由无界 C^*-半范数构造的一类无界 ^*-表示

• 批准号: 15540223
• 负责人: INOUE Atsushi
• 金额: $ 1.22万
• 依托单位: Fukuoka University
• 依托单位国家: 日本
• 项目类别: Grant-in-Aid for Scientific Research (C)
• 财政年份: 2003
• 资助国家: 日本
• 起止时间: 2003 至 2004
• 项目状态: 已结题
• 来源: https://kaken.nii.ac.jp/en/grant/KAKENHI-PROJECT-15540223/
• 关键词: O^*-algebras; partial O^*-aleebras; unbounded ^*-representations; unbounded C^*-seminorms; well-behaved ^*-representations; spectral unbounded C^*-seminorms; spectral ^*-representations; conditional expectations of O^*-algebras; スペクトル非有界C^*-セミノルム

Unbounded ^*-representations of ^*-algebras constructed from unbounded C^*-seminormLs have been studied. We (Bhatt-Inoue-Ogi) showed that it was possible to construct a class of unbounded ^*-representations from unbounded C^*-seminorms, and defined the notion of well-behaved ^*-representations which is nice in its class. In particular, we have characterized the existence of well-behaved ^*-representations and that of spectral well-behaved ^*-representations. Furthermore, we have proceed studies of general unbounded operator algebras (O^*-algebras and partial O*-algebras). We have investigated the following:(1) The existence of well-behaved ^*-representations constructed from unbounded C^*-seminorms.(2) Applications to locally convex ^*-algebras.(3) The studies of the structure and representation theory of (locally convex) ^*-algebras with spectral unbounded C^*-seminorms.(4) The existence of spectral well-behaved ^*-representations.(5) The study of weights on (partial) O^*-algebras.(6) Derivations of (partial) O^*-algebras.(7) Conditional expectations of O^*-algebras.

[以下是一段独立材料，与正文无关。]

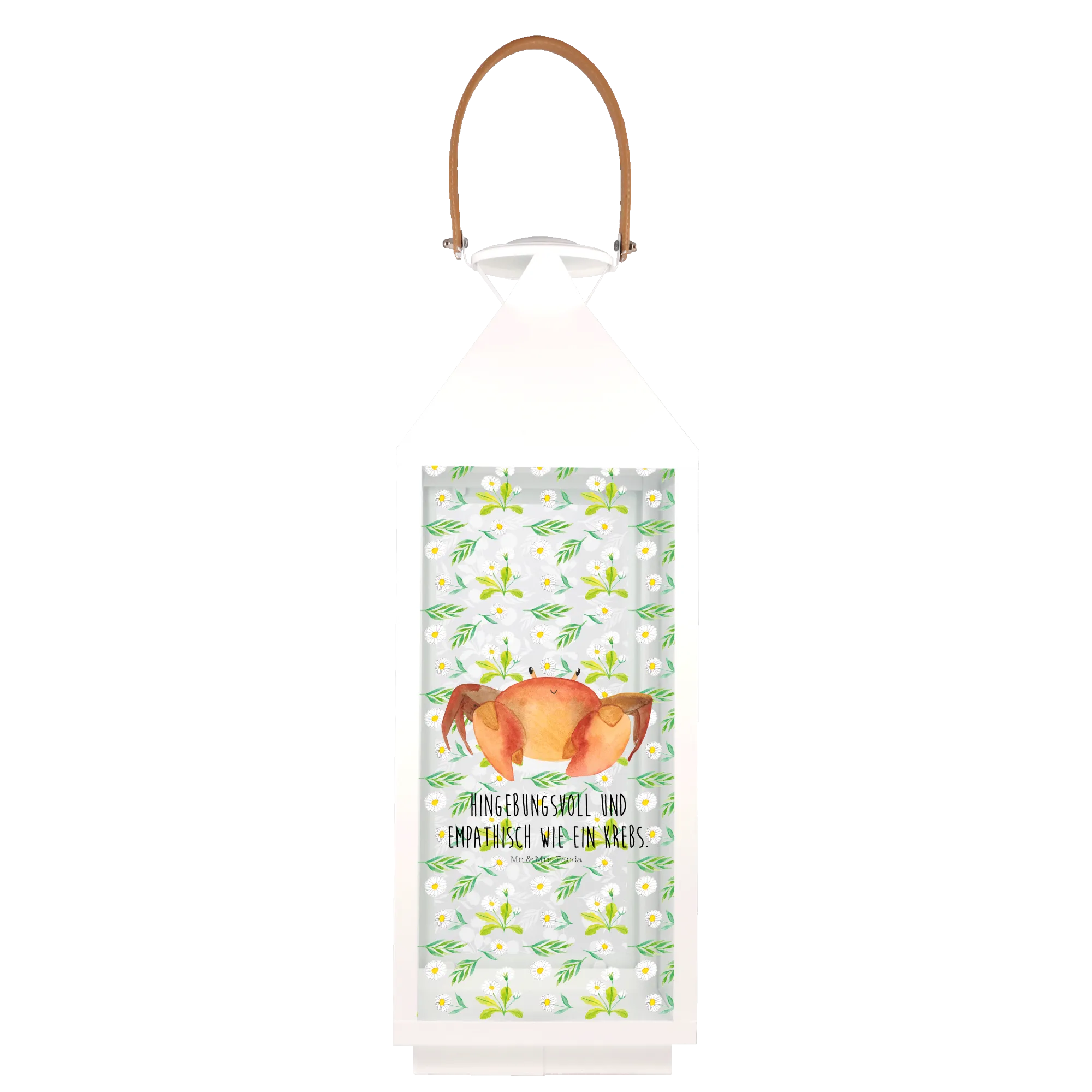 Entdecke die zauberhafte Deko Laterne Sternzeichen Krebs von Mr. & Mrs. Panda! Diese einzigartige Laterne ist das perfekte Geschenk für alle Krebse und ihre Freunde. Mit ihrem liebevollen Design und dem Spruch "Hingebungsvoll und empathisch wie ein Krebs" strahlt sie eine gemütliche Atmosphäre aus, sei es auf der Terrasse, dem Balkon oder im Innenbereich.

已经研究了 ^* - 代数的无限 ^* - 已根据未绑定的c ^* - seminormls构建的代数。我们（Bhatt-inoue-ogi）表明，可以从无限的c ^* - seminorms中构造一类无限制的 ^* - 表示，并定义了表现不错的 ^* - 表示的概念，这在同类中很不错。特别是，我们表征了行为良好的 ^*表示的存在和光谱良好的表现 ^* - 表示。此外，我们还进行了一般无界操作员代数的研究（O^* - 代数和部分O*-ergebras）。我们已经研究了以下内容：（1）存在于无限的c ^* - seminorms构建的良好表现的存在。（2）局部施加到局部凸出 ^* - 代数。（3）（3）（局部convex） ^* - 与频谱无基型C ^* - seminems的结构和表示理论的研究（局部convex） ^* - seminormem。（4）。 ^* - 表示。（5）对（部分）O^* - 代数的权重的研究（6）（部分）O^* - 代数的推导。（7）O^* - 代数的条件期望。

项目成果

井上 淳, 高倉真由美: "Radon-Nikodym theorem for biweights and regular biweights on partial *-algebras"Rendiconti del Circolo Mathematico di Palermo. 52. 489-504 (2003)

Jun Inoue，Mayumi Takakura：“偏 *-代数上的二重和正则二重的 Radon-Nikodym 定理”Rendiconti del Circolo Mathematico di Palermo 52. 489-504 (2003)

On structure of locally convex *-algebras with normal unbounded C^*-norms

具有正态无界 C^*-范数的局部凸*-代数的结构

• 发表时间: 2005
• 期刊: Kyushu J.Math. 59
• 作者: A.Inoue;N.Takeshita
• 通讯作者: N.Takeshita

On structure of locally convex ^*-algebras with normal unbounded C^*-norms

具有正态无界 C^*-范数的局部凸 ^*-代数的结构

• 发表时间: 2005
• 期刊: Kyushu J. Math. 59
• 作者: A.Inoue;N.Takeshita
• 通讯作者: N.Takeshita

井上 淳(共著): "Well-behaved unbounded operator representations and unbounded C^*-seminorms"J.Math.Soc.Japan. (to appear).

Jun Inoue（合著者）：“行为良好的无界算子表示和无界 C^*-seminorms”J.Math.Soc.Japan（即将出现）。

井上 淳(共著): "Trace representation of positive invariant sesquilinear forms in partial O^*-algebras"Rendiconti del Circolo Mathematico di Palermo. (to appear).

Jun Inoue（合著者）：“偏 O^*-代数中正不变倍半线性形式的迹线表示”Rendiconti del Circolo Mathematico di Palermo（即将出现）。